Polygonum (Polygonaceæ).—This genus is represented by the cosmopolitan Polygonum glabrum, the only aquatic or semi-aquatic plant that is generally distributed in the Pacific islands. It occurs in fresh-water swamps and beside streams and ponds in Tahiti, Tonga, Fiji, Hawaii, &c., and was gathered by Banks and Solander when Captain Cook first visited Tahiti. That this plant has been distributed by geese, ducks, and waterfowl over the tropics of the globe can scarcely be doubted. In England I have found the nutlets of Polygonum convolvulus, P. persicaria, and P. aviculare in the stomachs of a wild duck and a curlew; and they came frequently under my notice in the crops and intestines of different kinds of partridges and of wood-pigeons. Though most of the fruits were generally injured, a few of them were not uncommonly obtained in a sound condition.

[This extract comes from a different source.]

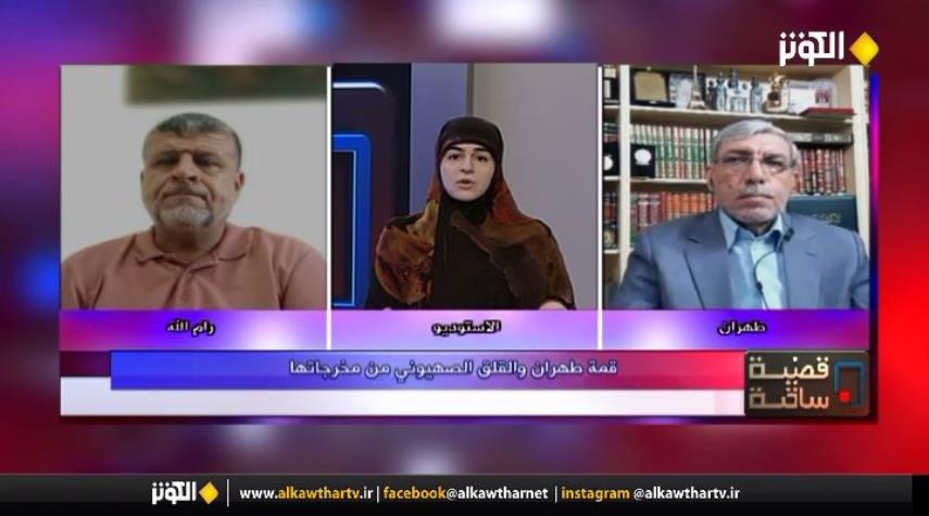 خاص الكوثر: هذه الحلقة من برنامج قضية ساخنة، تحدثنا حول" قمة طهران والقلق الصحهيوني من مخرجاتها " ، وذلك مع الدكتور " رعد هادي جبارة " باحث سياسي واكاديمي من طهران، الاستاذ " جمعة التايه " مختص بالشأن الاسرائيلي.

Pipturus (Urticaceæ).—This is a genus of small trees and shrubs found in the Mascarene Islands, Malaya, Australia, New Zealand, and throughout Polynesia. Besides P. albidus, which is confined to Hawaii and Tahiti, there are two Malayan species, P. argenteus and P. velutinus, which are widely distributed over the islands of the South Pacific, extending to Tahiti and the Marquesas. The fleshy receptacle and small achenes of the compound fruit of Pipturus give it the appearance of a white immature strawberry, and as such it would be likely to attract frugivorous birds. Plants of this genus are included amongst the numerous plants from the bast of which the natives used to prepare their native cloth or from which they obtained the fibres for their fishing-lines.

Bœhmeria (Urticaceæ).—There is an Asiatic species widely spread in the South Pacific and another closely-allied species in Hawaii; but I possess no data relating to the dispersal of the genus. The fruits are dry and consist of an achene in a persistent perianth.